| Olivier Commowick |
Warping an anatomical atlas towards a patient image allows the simultaneous segmentation of structures, for example in the context of radiotherapy treatment planning. This is particularly interesting for brain images, since they contain a large number of small but important structures (optical nerves, grey nuclei, etc.). However, the variability induced by the presence of a tumor, a surgical resection or more generally lesions that are not present in the digital atlas, prevents an accurate registration between the atlas and the patient images.
To tackle this problem, we have introduced in [1] a general method to take into account a lesion mask in the registration algorithm.
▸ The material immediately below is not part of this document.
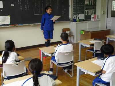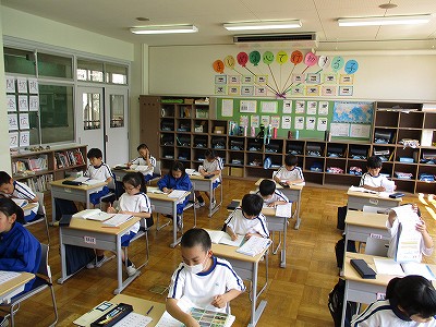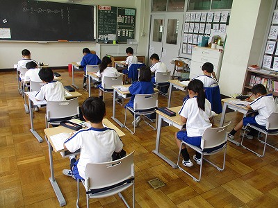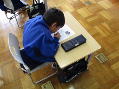 昼根っ子では、チャイムが鳴り終わる前に、全員が着席して、計算ドリルの問題を解いています。

Although this article was developed for a specific registration method, its principle is applicable with minor modifications to any registration method. The mask may be obtained using either manual delineation or automatic methods based on the detection of outlier intensities in the joint histograms of several modalities [1,2]. Taking into account this mask in the registration then amounts to decrease the confidence in the matchings corresponding to the lesion mask and therefore computing the deformation in the lesions region as an interpolation of the neighboring deformation.
We have applied this registration to atlas-based segmentation of brain images for radiotherapy planning in two cases: first when a large tumor is present, allowing to obtain deformations much more realistic (see Fig. 1); and in the case of a surgical resection of a tumor , where our method allows for a much better segmentation of the surrounding regions (see Fig. 2).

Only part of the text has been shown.